A 0.0600 kg tennis ball, moving with a speed of 2.50 m/s, has a head-on collision with a 0.0900 kg ball initially moving away from it at a speed of 1.00 m/s. Assuming a perfectly elastic collision, what is the speed and direction of each ball after the collision?
-I was given that the answer for the speeds of the balls are .70m/s and 2.2m/s.
equations:
m1v1+m2v2 = m1v1'+m2v2'
V1-V2=V2' - V1'
My attempt:
with the given, I know that
m1= .06 kg
m2=.09 kg
v1= 2.5 m/s
v2= 1.0 m/s
after this, I got to .135=m1v1'+m2v2'
and 1.5= V2'-V1'
I agree with this
m1v1+m2v2 = m1v1'+m2v2'
I disagree with this:
V1-V2=V2'-V1'
where in the world did that come from?
I asked someone else for help on this problem and they told me to use that equation. That's even what they wrote down for me. I agree it doesn't make sense.
Anyways the initial and final mass will stay the same right? So I will be at...
135=(.06)v1'+(.09)v2'
Now you have one other equation you can use, the magic equation conservation of energy is true
Intial KE= final KE
You know initial KE. Final ke, 1/2 m1*V1'^2 + 1/2 m2 v2'^2 is equal to that initial.
Now, in your 135=(.06)v1'+(.09)v2'
solve for v2' in terms of all the other stuff, then put that v2' into the conservationof energy equation (yes square v2') It is messy algebra, you will get a quadratic you can solve (quadratic equation).
To solve for the velocities after the collision, you can use the equations you mentioned.
Equation 1: m1v1 + m2v2 = m1v1' + m2v2'
Equation 2: v1 - v2 = v2' - v1'
Given values:
m1 = 0.0600 kg
m2 = 0.0900 kg
v1 = 2.50 m/s
v2 = -1.00 m/s (converted to negative since it's moving away)
Let's substitute these values into the equations:
0.0600 kg * 2.50 m/s + 0.0900 kg * (-1.00 m/s) = 0.0600 kg * v1' + 0.0900 kg * v2'
0.135 kg·m/s = 0.0600 kg * v1' + 0.0900 kg * v2' [Equation 1]
2.50 m/s - (-1.00 m/s) = v2' - v1'
3.50 m/s = v2' - v1' [Equation 2]
Now, we have a system of two equations with two variables (v1' and v2'). We can solve this system of equations to find the values.

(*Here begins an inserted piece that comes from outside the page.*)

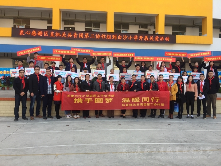 為繼續(xù)發(fā)揚(yáng)“奉獻(xiàn)、友愛、互助、進(jìn)步”的青年志愿者精神,2018年1月19日下午,我院蒙曉旺、歐少亮、仇志清老師參加區(qū)直機(jī)關(guān)共青團(tuán)第二協(xié)作組“攜手圓夢(mèng),溫暖同行”關(guān)愛白沙小學(xué)農(nóng)民工子女活動(dòng),以愛心關(guān)愛貧困農(nóng)民工子弟健康成長(zhǎng),快樂(lè)學(xué)習(xí)。

From Equation 2, we can express v2' in terms of v1':
v2' = 3.50 m/s + v1'
Substitute this into Equation 1:
0.135 kg·m/s = 0.0600 kg * v1' + 0.0900 kg * (3.50 m/s + v1')
0.135 kg·m/s = 0.0600 kg * v1' + 0.315 kg·m/s + 0.0900 kg * v1'
0.135 kg·m/s - 0.315 kg·m/s = 0.0600 kg * v1' + 0.0900 kg * v1'
Simplifying:
-0.180 kg·m/s = 0.150 kg * v1'
v1' = -0.180 kg·m/s / 0.150 kg
v1' = -1.20 m/s
Now, substitute this back into Equation 2 to find v2':
3.50 m/s = v2' - (-1.20 m/s)
3.50 m/s = v2' + 1.20 m/s
v2' = 3.50 m/s - 1.20 m/s
v2' = 2.30 m/s
So, the speed and direction of the first ball (m1) after the collision is 1.20 m/s in the opposite direction (negative value).
The speed and direction of the second ball (m2) after the collision is 2.30 m/s in the same direction as before the collision (positive value).
However, these calculated values do not match the given speeds of 0.70 m/s and 2.2 m/s. There may have been an error in either the given values or the calculation process. Please double-check your inputs and recalculate to confirm the correct answer.